Penandatanganan kontrak dengan UNDP dilakukan pada hari rabu tanggal 29 November 2006.
Program BKM untuk rehabilitasi dan rekonstruksi Pada tanggal 3 Juli 2006 , Presiden Republik Indonesia mengumumkan berakhirnya fase tanggap darurat di wilayah DIY dan Jawa Tengah. Pemerintah telah merumuskan Rencana Aksi Rehabilitasi dan Rekontruksi Pasca bencana di DI Yogyakarta dan Jawa Tengah, yang selanjutnya disebut Rencana Aksi. Rencana aksi memuat tiga unsur utama :
• Pemulihan perumahan dan pemukiman
• Pemulihan infrastruktur publik
• Pemulihan ekonomi
Untuk mendukung program-program pemerintah tersebut, maka BKM Maju Makmur Desa Pleret telah mengambil langkah kebijakan sebagai berikut :
1. Bidang Kelembagaan: merevisi PJM nangkis, yang meliputi tiga pendekatan, yaitu: bidang ekonomi, lingkungan dan sosial.
2. Bidang Ekonomi
• Penundaan angsuran pinjaman, penjadwalan ulang pengembalian kredit.
• Kerjasama dengan UNDP untuk program pemulihan sumber penghidupan bagi warga masyarakat korban bencana gempa bumi
3. Bidang Lingkungan: melakukan pendampingan bagi masyarakat yang memperoleh bantuan rumah permanen dari P2KP Peduli (Rekompak BDR/Bantuan dana rumah senilai Rp 20.000.000 per rumah) dan dari Rekompak BDL (Bantuan Dana Lingkungan senilai Rp. 200.000.000,- untuk membangun rumah transisi dari bambu) serta dari JRF (Java Reconstruction Fund) sebanyak 245 rumah permanen.
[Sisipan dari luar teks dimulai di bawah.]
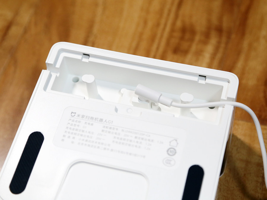 米家扫拖机器人G1的充电桩也是白色的配色,与机身相搭配。在充电桩面预留了理线槽,可以将多余的天线隐藏在理线槽内,并有盖板进行遮挡,可以让充电桩紧贴墙面,提升美观程度。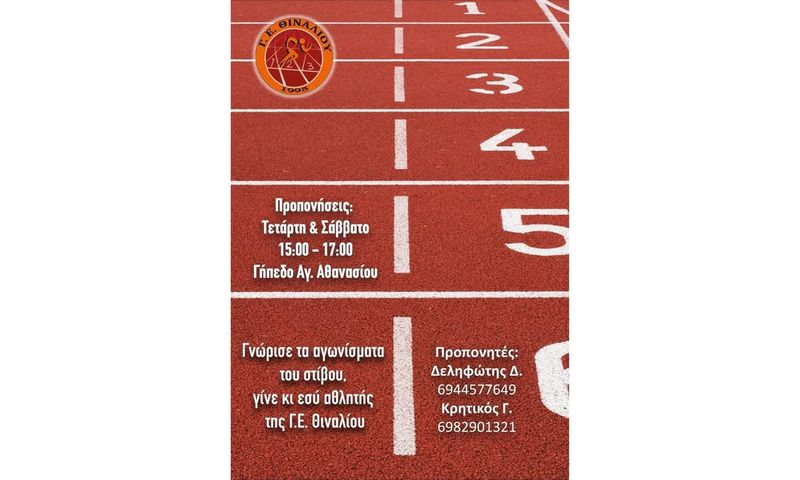Στο γήπεδο του Αγίου Αθανασίου έναντι Κέντρου Υγείας, λειτουργούν τμήματα Στίβου για όλες τις ηλικίες! Με έμπειρους στον χώρο του στίβου προπονητές και καταπληκτικές εγκαταστάσεις. Ευκαιρία για όλα τα παιδιά της περιοχής να αθληθούν και γιατί όχι να κάνουν καριέρα σε κάποιο άθλημα… Είναι πραγματικά μοναδική εμπειρία..».

Total dana pembangunan rumah permanen sebanyak Rp 7.460.000.000,-
4. Bidang Sosial
• Mengumpulkan dan membagikan zakat fitrah maupun zakat mal dari para dermawan lembaga formal, yang selanjutkan diberikan dalam bentuk santunan kepada warga miskin, yatim piatu, jompo dan para penyandang masalah sosial lainnya.
• Menyelenggarakan pelatihan bagi pengurus BKM, Pamong dan kader masyarakat dalam rangka penyegaran kembali tentang pengertian BKM maupun tugas pokok dan fungsi BKM dalam penanggulangan kemiskinan pasca gempa yang dilanjutkan dengan penyusunan revisi PJM.